PAINTING AND THE EYE OF THE BEHOLDER
Andrew Lamprecht, curator
Monday 22–Wednesday 24 January 11.15 am COURSE FEES R330; Staff and students R165
A few decades back, the widespread chant in the art community and academia was that ‘Painting is dead!’ The years since have shown that nothing of the sort is true. Painting remains as vibrant, creative, responsive and engaging as it has been for the last 30 000 years. This course will examine just what it is that makes painting so attractive and important to almost all cultures and time periods. The richly illustrated survey will cover a broad spectrum of painting through past history as well as the contemporary, with a special emphasis on the holdings of the Iziko South African National Gallery, where the lecturer has recently curated the exhibition ‘Breaking Down the Walls: 150 Years of Art Collecting at Iziko’.

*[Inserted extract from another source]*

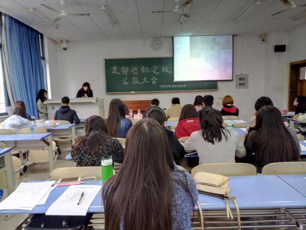 大会上,各个班级团支书依次上台,向在场所有人展示精心制作的幻灯片并通过精炼的语言描述了所属支部的风采。团支书们大多从学风、纪律、文体等方面介绍了支部的建设情况,将支部建设框架清晰明了的展现出来。由于专业性质不同,建设工作的侧重点也有所不同,各支部团支书结合支部自身情况,赋予了各支部独有的个性,斗牛扑克
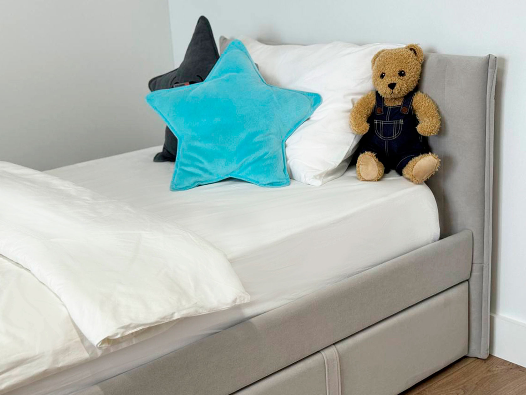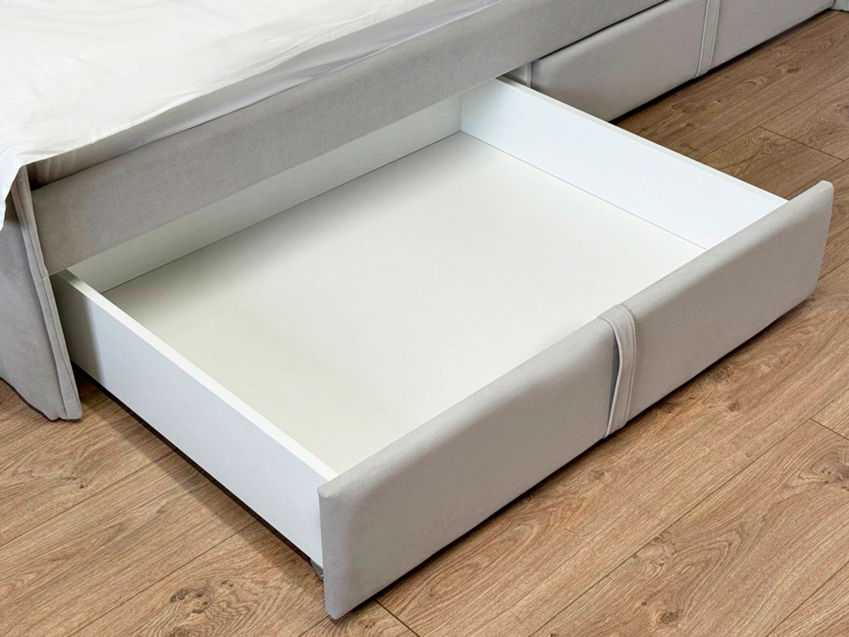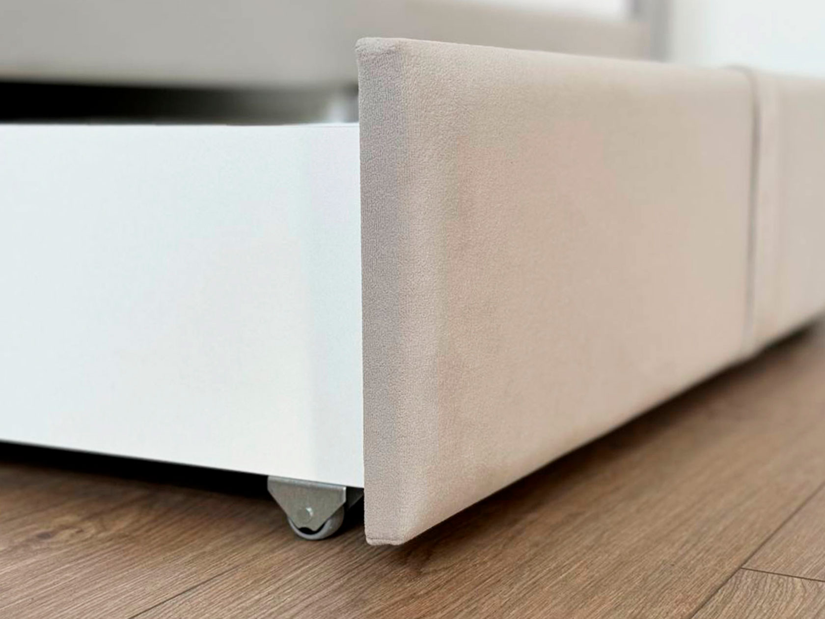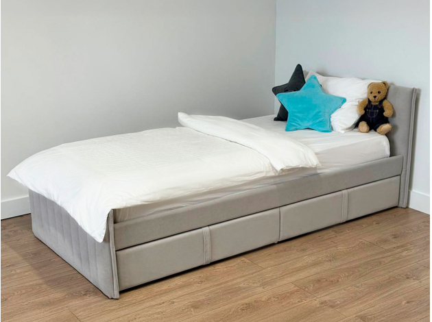 Кровать Твикс сделает комнату особенно уютной и привлекательной. Изголовье с бархатистой обивкой обеспечит удобство во время чтения. Мягкая конструкция создает дополнительную безопасность при эксплуатации. Выкатные ящики подходят для хранения постельных принадлежностей, игрушек и других вещей.

The first lecture is an introduction to the scope and variety of painting across the centuries and in many places. We will examine the traditions that emerged in painting in various cultures and how they developed and coalesced into what makes up the field of painting today. The lecture will examine what, if anything in particular, makes painting special as an art form. Is there something inherently unique and attractive to two-dimensional representations of the outer and inner worlds of human beings or is painting’s ‘hierarchy’ just a product of tradition and socio-economic conditioning? Why are people prepared to pay seemingly outrageous sums for these objects which have little or no intrinsic value and why is it that almost everyone gets some satisfaction of having something to show: be it a child’s doodle on the fridge, a poster of their favourite film star in their bedroom or an original work by Leonardo in their secret vault?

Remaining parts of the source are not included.